# Dread checking on



## Dreadnight (Jul 9, 2006)

Hi all. Got a couple of e mails from your very kind members, extending an invite to join, and I'm real glad to be here. Just reading a few posts, I can see it's a very active group and I hope I can contribute! Spent a couple of years on Halloween-L several years back, then migrated over to Creep Crafters, where I still am at.
Just updated my website to bring it up to 2005, so if you get a few minutes, have a look, at the URLs below. Excited to be here!


----------



## ScareFX (Aug 18, 2004)

Welcome Dreadnight! Love your props and glad you joined the forum. Some really good folks here.


----------



## DeathTouch (Sep 6, 2005)

Welcome Dreadnight. Love your stuff


----------



## RAXL (Jul 9, 2004)

Howdy.:smoking:


----------



## TearyThunder (Jul 1, 2006)

Hi and welcome. I hope your feel at home here soon. This is a great place!

BTW great props!


----------



## Sinister (Apr 18, 2004)

Heya! Hope you like our own little Haunted Home on the Net! :jol:


----------



## Wyatt Furr (Jun 5, 2006)

Howdy,glad to see you made it.
Welcome to the forum


----------



## claymud (Aug 21, 2005)

Welcome to the forums!!!


----------



## heresjohnny (Feb 15, 2006)

Welcome to the forum. Love your flash intro, and the reaper tombstone should have been in our contest, sweet!


----------



## ghostie (May 15, 2006)

Welcome Dread, thanks for the tips on the wolf. Surfing the web for taxidermists tonight, hope I'm up to the challenge! Glad you're here!


----------



## grapegrl (Jan 3, 2006)

Hello and welcome, Dreadnight!


----------



## turtle2778 (Jul 9, 2006)

Hi and welcome....I love your cemetary 03 cross with the reaper...It was great. Hope you have a great time here.


----------



## Front Yard Fright (Dec 23, 2005)

welcome dread! i remember seeing your old site quite a while ago. it's great to see what you've been able to create! i love the wolf, the pumpkin guys, and the little grave digger guy! great work! keep it up! i can't wait to see what you have in store for 2006.


----------



## Bone Dancer (Oct 7, 2005)

Greetings glad to have you here


----------



## Hellrazor (Jun 18, 2006)

Hi, welcome!


----------



## Vlad (Aug 2, 2005)

Greetings dreadnight, I'm sure you'll find lots to keep you busy here. and have lots to contribute.


----------



## Black Cat (Aug 20, 2005)

Welcome dreadnight. I love your dwarf gravedigger.


----------



## lady_bee (Jul 2, 2006)

Welcome Dreadnight. You have some awesome props! Did you make that reaper tombstone yourself? I would vote for that in a contest  So nice.


----------



## Death's Door (Mar 22, 2006)

Welcome Dreadnight. Like your website. Nice props. I really like your tombstones.


----------



## Haunted Neurons (Jun 23, 2006)

Hellow and welcome aboard


----------



## faerydreams (Jun 28, 2006)

Welcome to the fun.


----------



## Zombie-F (Apr 12, 2004)

Welcome aboard Dread!


----------



## TipoDeemin (Oct 8, 2005)

Welcome!


----------



## slightlymad (May 25, 2006)

Welcome to the madnness


----------



## roadkill (May 11, 2006)

Dreadnight said:


> Hi all. Got a couple of e mails from your very kind members, extending an invite to join, and I'm real glad to be here. Just reading a few posts, I can see it's a very active group and I hope I can contribute! Spent a couple of years on Halloween-L several years back, then migrated over to Creep Crafters, where I still am at.
> Just updated my website to bring it up to 2005, so if you get a few minutes, have a look, at the URLs below. Excited to be here!

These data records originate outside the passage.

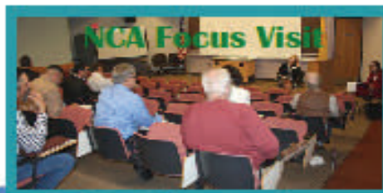
NCA Focus Visit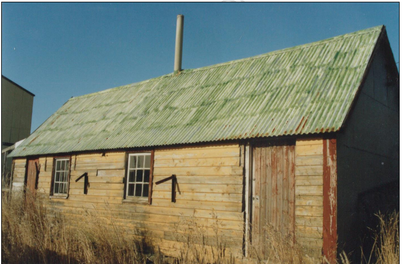
From the north west, 1990s - JCNA

Ellen "Nellie" "Granny McASKILL" , age 100, died 5 July 1969 in Stanley.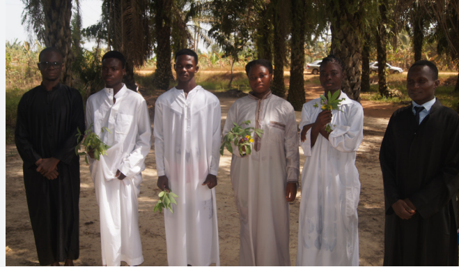
Candidates for Baptism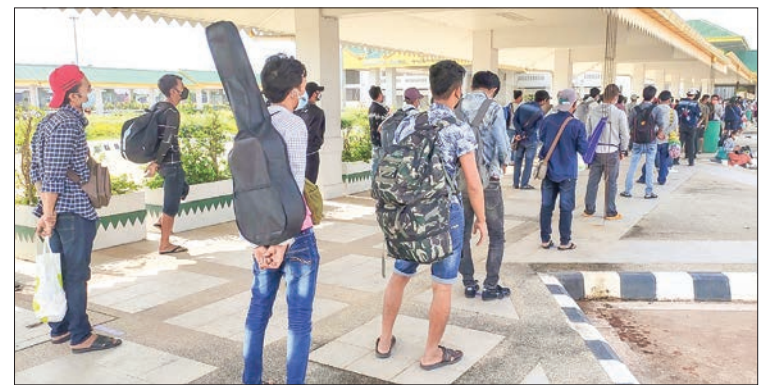
Returnees queue up for reception process.

The returnees were transported to their respective home townships by buses arranged by the township administration bodies, and those diagnosed with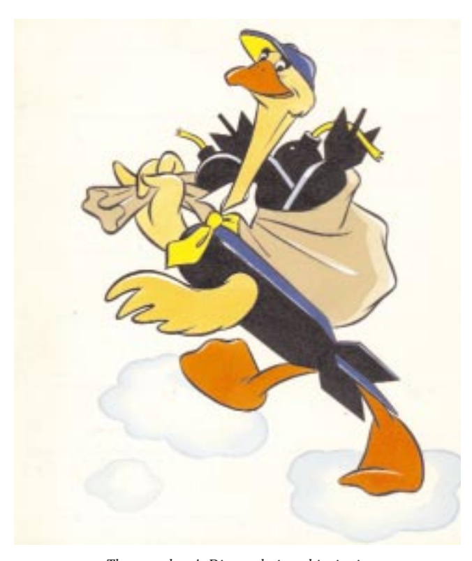
The squadron's Disney designed insignia.

The squadron's only insignia was approved by CNO on 13 June 1945. It was one of many designed by the Disney studio for Navy patrol squadrons during WWII.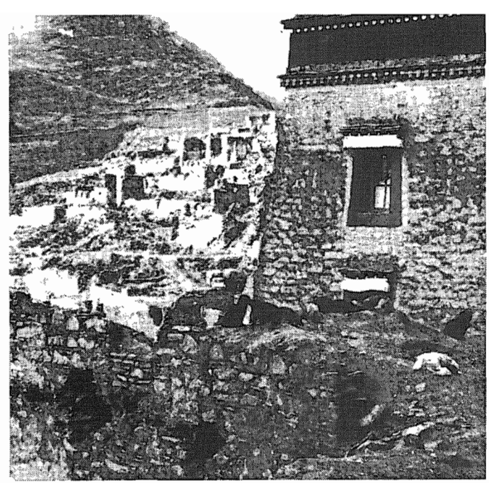
The Ganden monastery, about thirty miles from Lhasa. It was destroyed by the Red Army, but the building in the foreground has been restored. The well-behaved dogs are a feature of Tibetan life.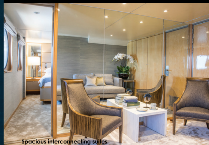
Spacious interconnecting suites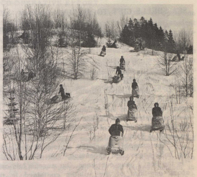
The snowmobile provided Canadians with a new sport during the Sixties and, up north, the machine replaced the dog-sled.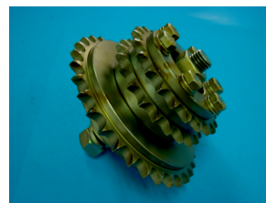
SPROCKET ASS'Y HITACHI V-EN H2214404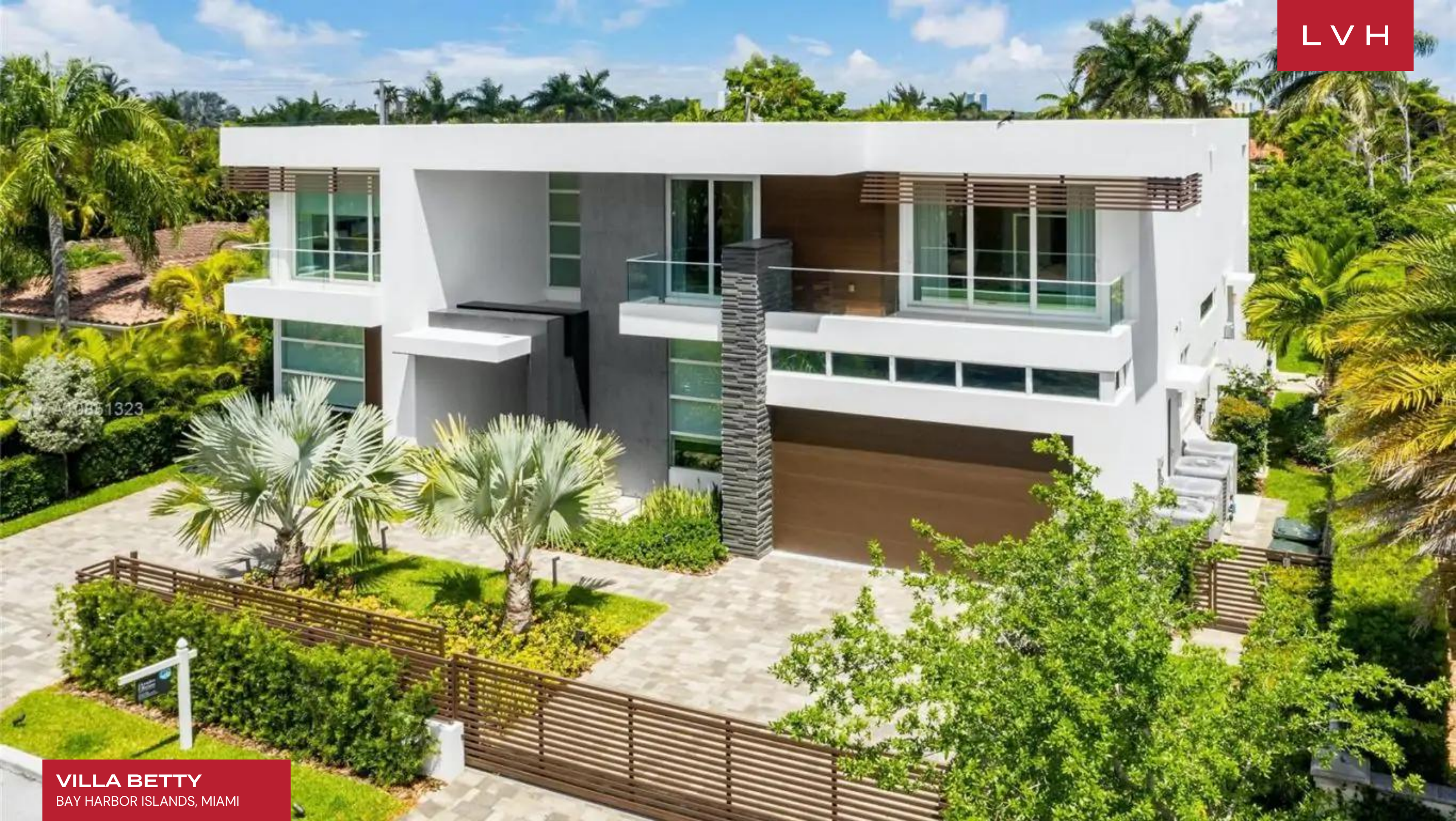
VILLA BETTY BAY HARBOR ISLANDS, MIAMI

Good to see you again Dread. I thought I might lose all contact with you - glad to see that won't happen. Welcome to the forum - have a good time.


----------



## Hella (Feb 6, 2006)

Welcome Dreadnight, I am sure you will see lots of familiar faces here.


----------



## PrettyGhoul (Oct 7, 2005)

*Dreadnight hello and welcome to HauntForum. I just love Dreadnight Bay! *


----------